Critically reviewing my former relationship, there is definitely Love between me and my partner but it doesn't feel sufficient. I wanted my partner to look at me with admiration, to adore me by letting me know verbally, to treat me as someone so precious that he will never want to loose me. However, I couldn't feel these emotions most of the time. With my newfound Love, I feel all the emotions I wanted to feel and everything felt natural and comforting. There's not much resistance and stubbornness involved and although we planned to transition it just didn't feel right. The love is self willing and beautiful to the extent that I could no longer believe it is earthly but instead spiritual. Yes, a relationship with him will definitely be sustainable in the long run, I strongly believe so unless both of us change which is very unlikely given the similar personalities.

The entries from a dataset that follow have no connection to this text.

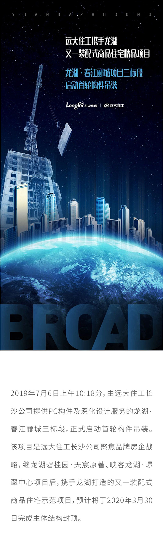 遠大住工攜手龍湖又一裝配式商品住宅精品項目 龍湖·春江酈城項目三標段啟動首輪構件吊裝
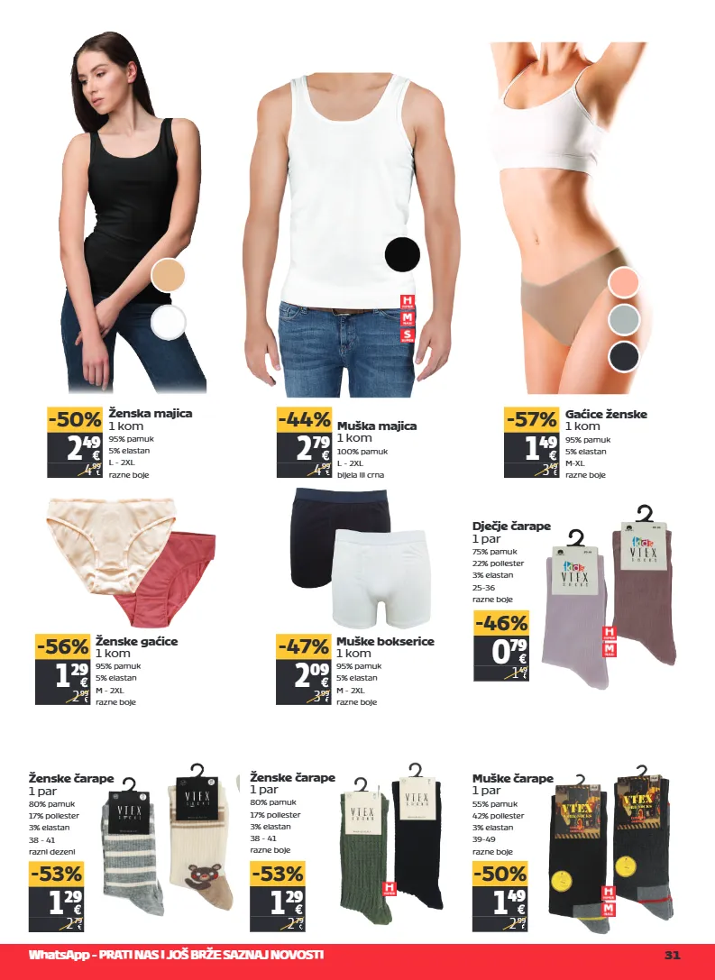 whatsapp - prati nas i još brže saznaj novosti 31 ženske čarape 1 par 80% pamuk 17% poliester 3% elastan 38 - 41 razni dezeni 1 29 2 79 -53% dječje čarape 1 par 75% pamuk 22% poliester 3% elastan 25-36 razne boje 0 79 1 49 -46% ženske čarape 1 par 80% pamuk 17% poliester 3% elastan 38 - 41 razne boje 1 29 2 79 -53% ženske gaćice 1 kom 95% pamuk 5% elastan m - 2xl razne boje 1 29 2 99 -56% muške bokserice 1 kom 95% pamuk 5% elastan m - 2xl razne boje 2 09 3 99 -47% muška majica 1 kom 100% pamuk l - 2xl bijela ili crna 2 79 4 99 -44% 1 49 3 49 -57% gaćice ženske 1 kom 95% pamuk 5% elastan m-xl razne boje 2 49 4 99 -50% ženska majica 1 kom 95% pamuk 5% elastan l - 2xl razne boje muške čarape 1 par 55% pamuk 42% poliester 3% elastan 39-49 razne boje 1 49 2 99 -50%
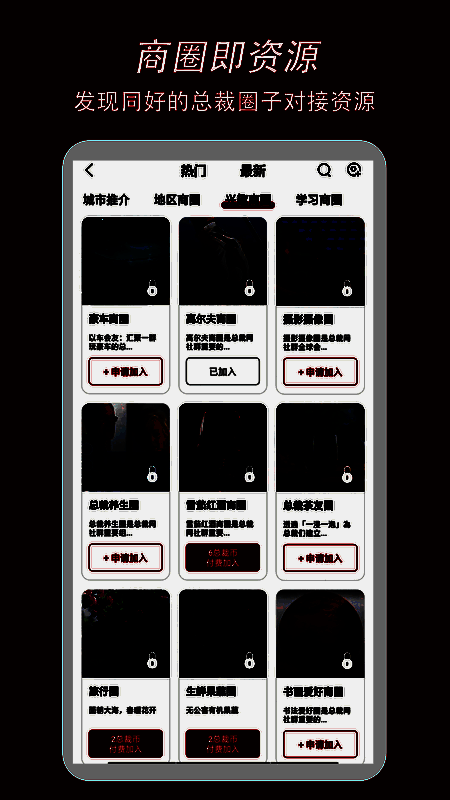 总裁网app是一款专为广大总裁级人士打造的社交圈子,不论是赋能总裁和想成为总裁的人都可以参与进来,提供专属圈子社区,可以进来学习、讨论、发现商圈、拓展人脉,将全球总裁连接在一起;在这里,圈子既是资源,你可以发现同好的总裁圈子对接资源,也可以创建圈子,遇见更多和你一样志趣相投的人;在总裁网平台,其中包含了多种类型圈子,动态、视频、商圈、人脉、话题、商学院、社交等等都有,投其所好,不论是结交新朋友还是寻找合作伙伴都可以,对你有帮助的话就来下载这款总裁网app苹果版使用吧。
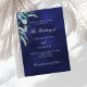 Une invitation design et moderne à la mariage. Arrière - plan bleu marine, décoré de verdure. La couleur bleue est inégale. Personnalisez et ajoutez vos noms et détails.
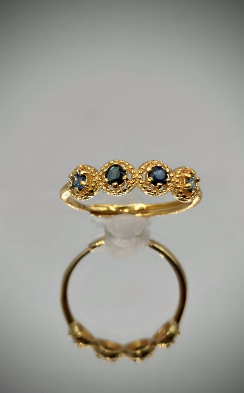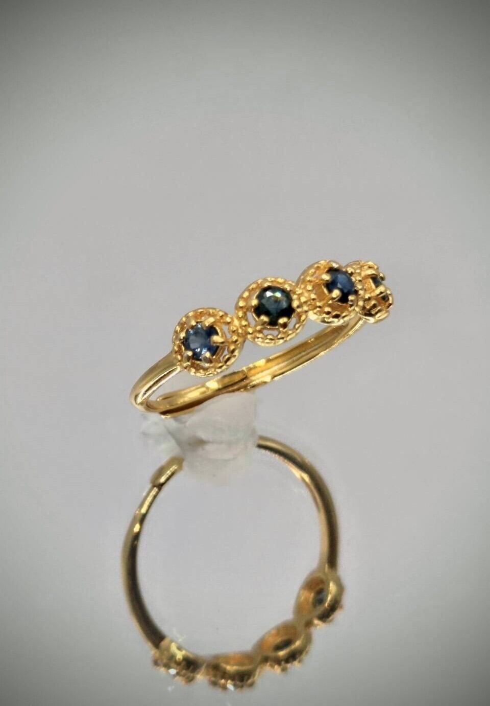 シルバー製ゴールドカラー サファイア 4石リング 9月誕生石 フリーサイズ
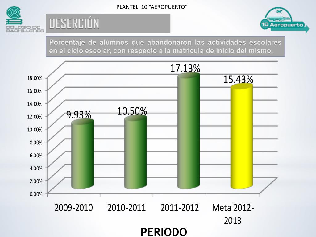 PLANTEL 10 “AEROPUERTO” DESERCIÓN Porcentaje de alumnos que abandonaron las actividades escolares en el ciclo escolar, con respecto a la matricula de inicio del mismo. PERIODO
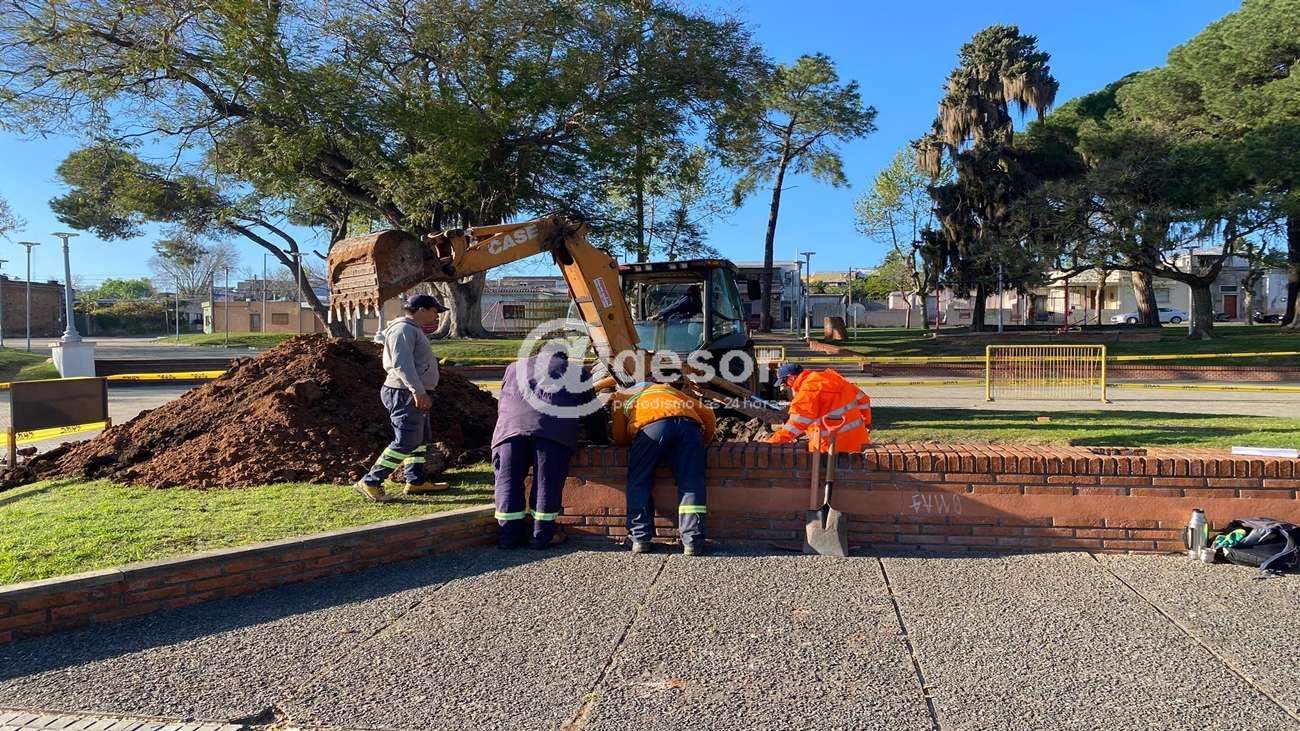 Esta tarea está a cargo de personal del Dpto. de Arquitectura, comenzando este miércoles a realizar la excavación para preparar la cimentación de la columna a instalar.

I am not sure what was my karmic debt or what have I done in all my past lives to deserve meeting a person who mean so much to me yet we are two parallel lines that will never get to intersect. I know one of my weakness is having attachments and difficulties in letting go. Perhaps this is a spiritual test to see if I am able to set the one I Love free, if I am able to Love freely without possessing, if I could be selfless. 8 billion people in this world yet you really tug at my heart strings and left an everlasting impression. I wish someday we could both have the same dream and meet in our dreams to experience the physical presence of one another. I often wonder, will You still Love me in real life, will we still feel Loved the way we feel in our mental and emotional interactions? Maybe some questions are not meant to be answered and some truth are better left folded? I honestly do not know.